Segment Start: INPUT RECORDS

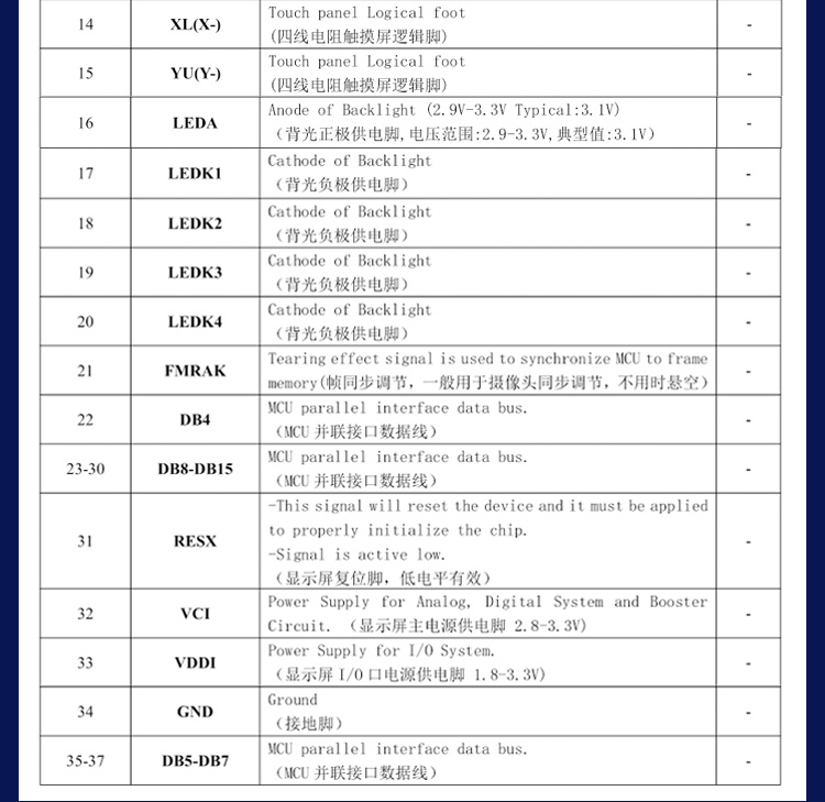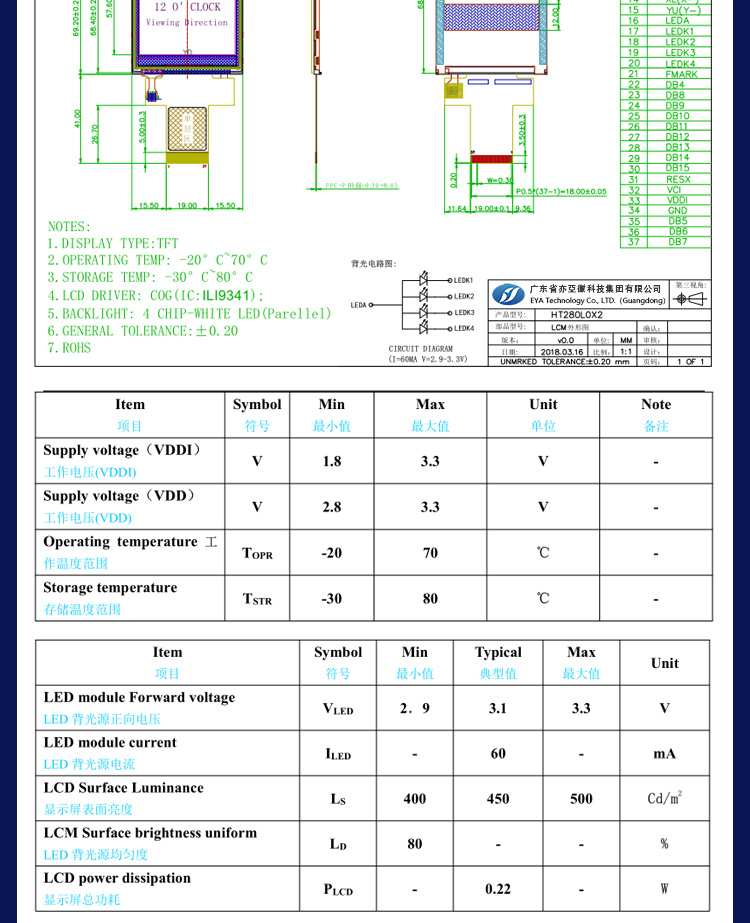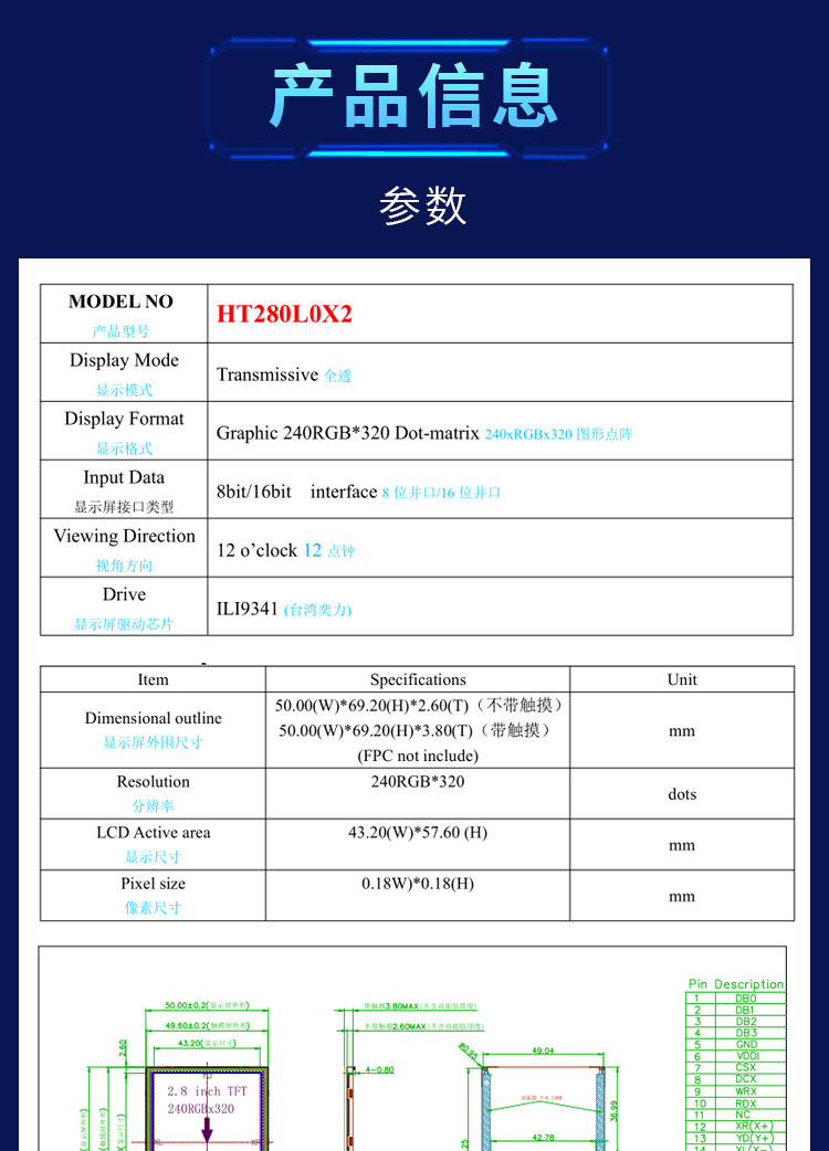 HT280L0X2是一款2.8寸的TFT液晶屏,主要应用于工控、手持设备、检测仪表、智能家居等行业。我是一款标准插接37Pin,间距为0.5mm的工控显示屏,我的接口类型有8位并口/16位并口可以选择,我的分辨率是240*RGB*320,是一款12点钟的TN型液晶屏。我有不带触摸和带电阻触摸以及带电容触摸三种形态,我的显示屏驱动芯片是ILI9341,并且我这种标准接口还涵盖了多种尺寸,需要我的更多信息请联系我的主人亦亚徽哦。
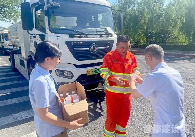 近日,北京迎来持续高温天气。炎炎烈日下,西城区区属国企各行业的一线劳动者们顶着酷暑,直面“烤”验,坚守岗位,守护着城市的有序运转。环雅丽都公司积极开展“夏季送清凉”活动,为坚守岗位的“城市美容师”送去防暑物资与贴心关怀。“我们科学调整了作业时间,在午间高温时段增加机械化清扫,减少一线职工的户外作业时间。”相关工作人员介绍,目前,各分公司积极落实高温应急预案,加强作业巡查和健康监测,通过宣传栏张贴防暑降温小贴士、在微信群推送防暑知识等方式加大健康知识宣传,开展常态化安全教育,向职工讲解中暑的预防知识,并发放藿香正气水、风油精等防暑药品。
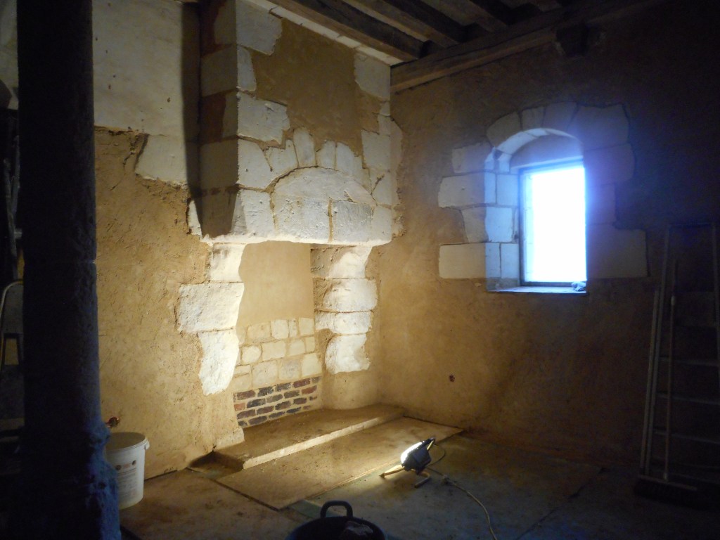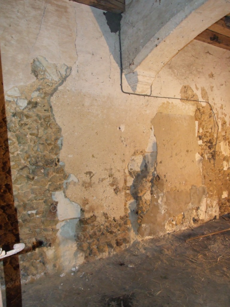 L’enduit est enlevé devant l’ouverture précédemment observée : Etant bouchée, l’ouverture n’était pas observable. A l’occasion des travaux on découvre l’ouverture vers la garde robe Est.
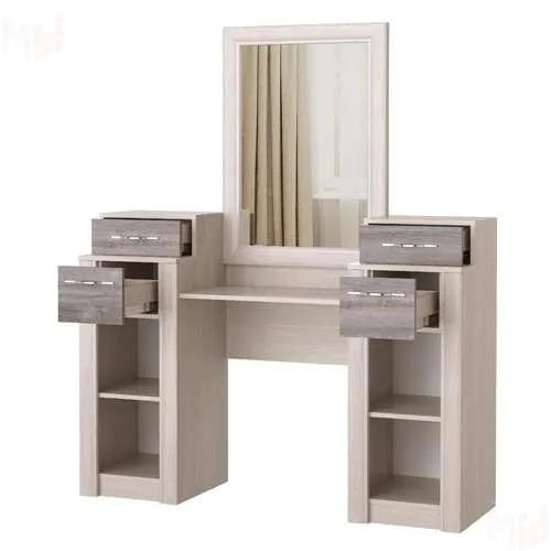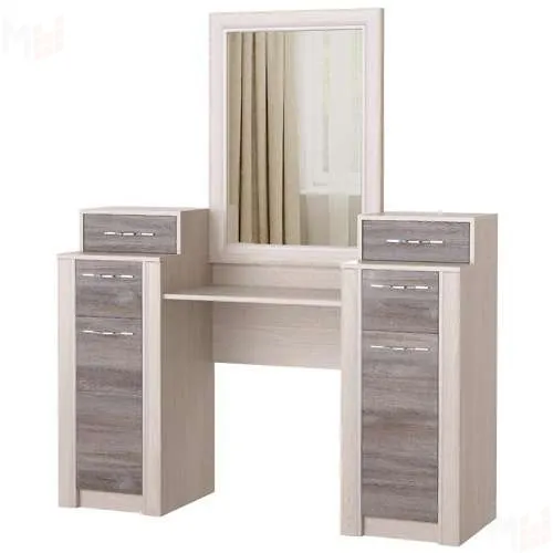 Стол косметический с зеркалом "Октава" 2-створчатый с 4-мя ящиками. Устанавливается стильная металлическая ручка, декор "тёмный никель". Периметр стола обрамлён профилем MDF оригинальной формы с патиной (окраской фасок) серебристого цвета. Направляющие шариковые, полного выдвижения.
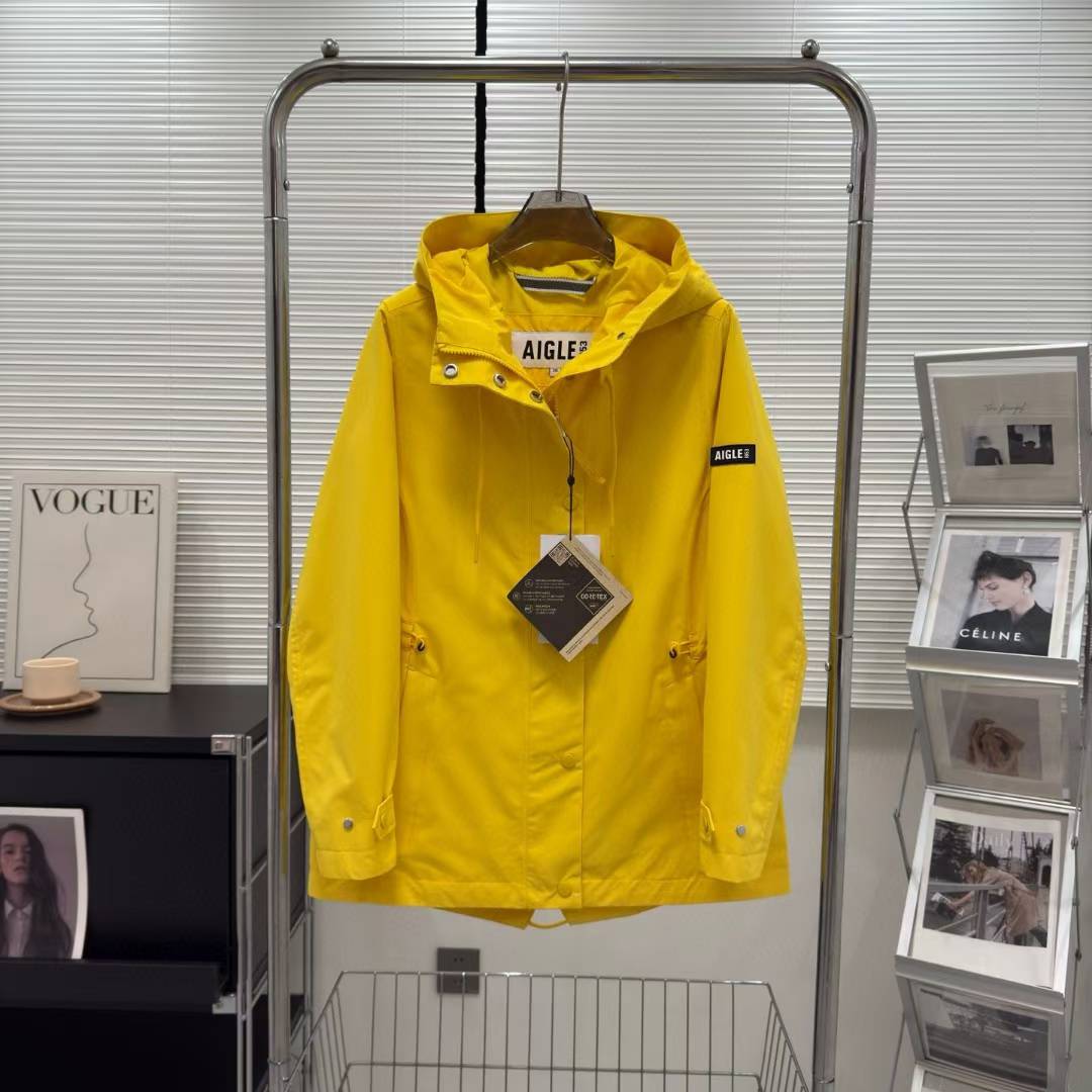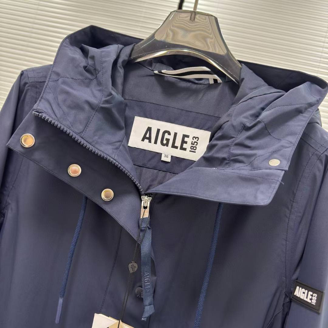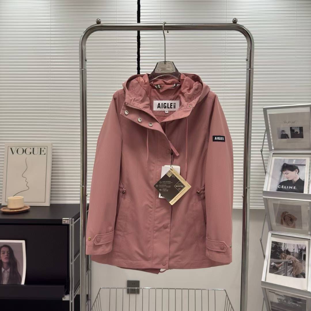 艾高Aigle新款女士连帽收腰风衣冲锋衣夹克外套
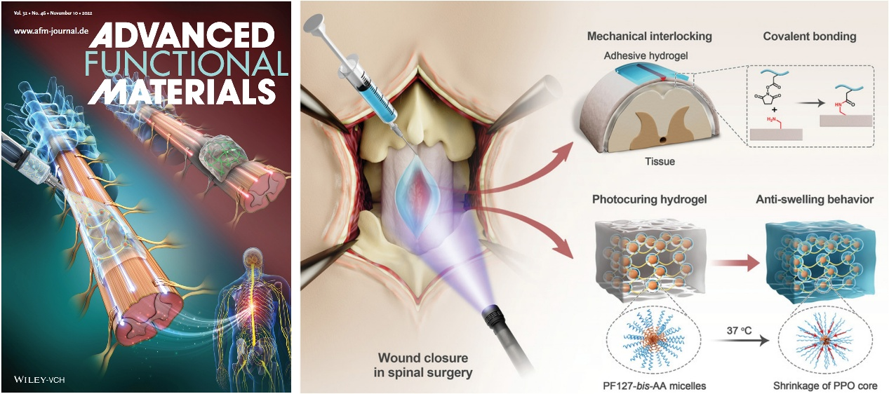 近期,中国科研实验室凯发k8国际医药所人体组织与器官退行性研究中心的潘浩波研究员团队和赵晓丽研究员团队,联合香港大学深圳医院等多家单位,在可注射医用胶的研究中取得最新进展,相关成果以“An Injectable Rapid-Adhesion and Anti-Swelling Adhesive Hydrogel for Hemostasis and Wound Sealing”为题发表在Advanced Functional Materials期刊上 (Adv. Funct. Mater. 2022, DOI:10.1002/adfm.202207741),并入选“Inside Front Cover”展示。该论文第一作者为凯发k8国际助理研究员边少荃和博士研究生郝浏智,通讯作者为潘浩波研究员和赵晓丽研究员。
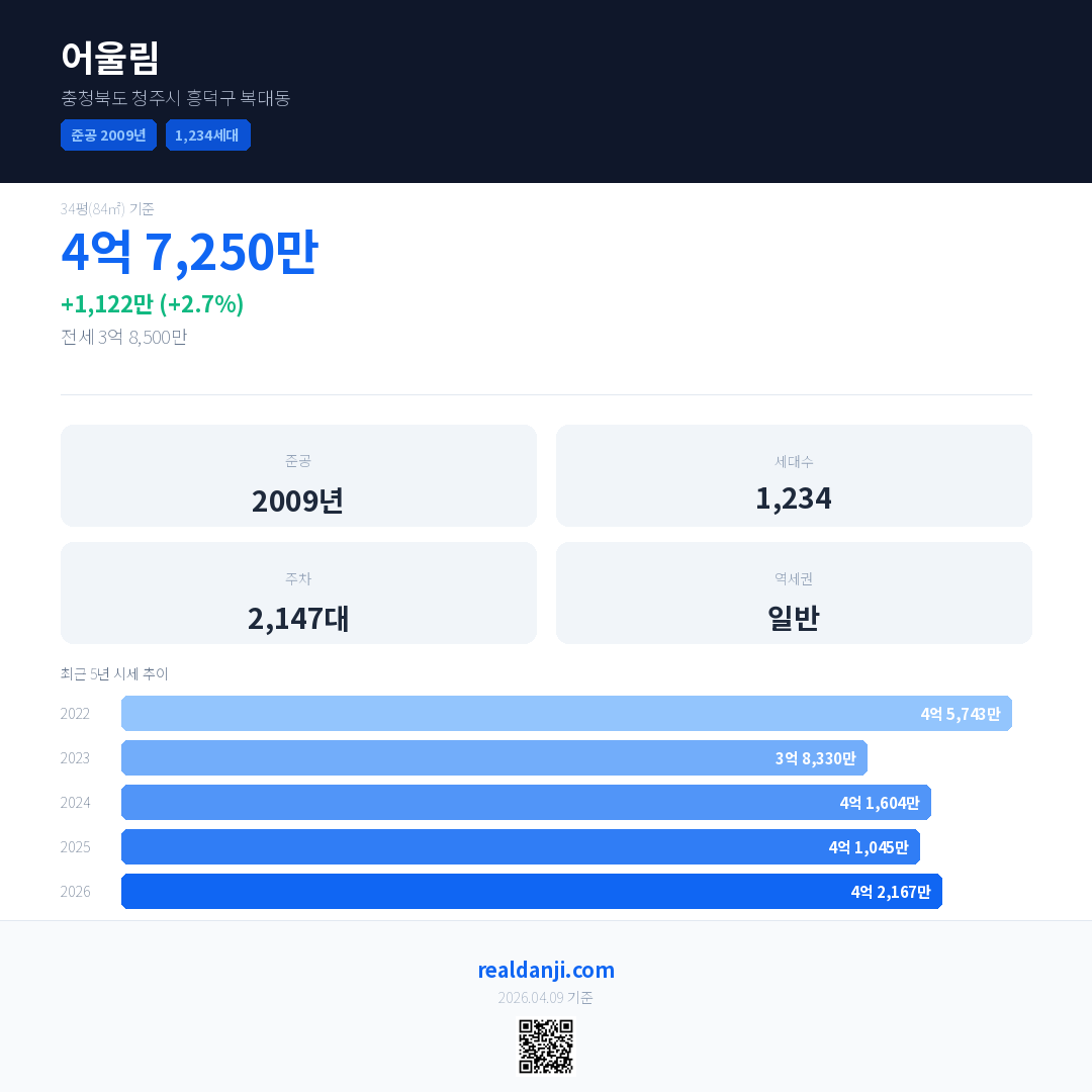 어울림 국민평형 기준 2026년 평균 거래가는 4억 2,167만으로, 전년 대비 2.7% 상승 했습니다.

Segment End: INPUT RECORDS

ASSIGNED TASK — Each line from the one with "Injectable Rapid-Adhesion and" through the final line of the records must be copied exactly, with no pictures and no additional lines.

ANSWER TO THIS EXERCISE —
 近期,中国科研实验室凯发k8国际医药所人体组织与器官退行性研究中心的潘浩波研究员团队和赵晓丽研究员团队,联合香港大学深圳医院等多家单位,在可注射医用胶的研究中取得最新进展,相关成果以“An Injectable Rapid-Adhesion and Anti-Swelling Adhesive Hydrogel for Hemostasis and Wound Sealing”为题发表在Advanced Functional Materials期刊上 (Adv. Funct. Mater. 2022, DOI:10.1002/adfm.202207741),并入选“Inside Front Cover”展示。该论文第一作者为凯发k8国际助理研究员边少荃和博士研究生郝浏智,通讯作者为潘浩波研究员和赵晓丽研究员。
 어울림 국민평형 기준 2026년 평균 거래가는 4억 2,167만으로, 전년 대비 2.7% 상승 했습니다.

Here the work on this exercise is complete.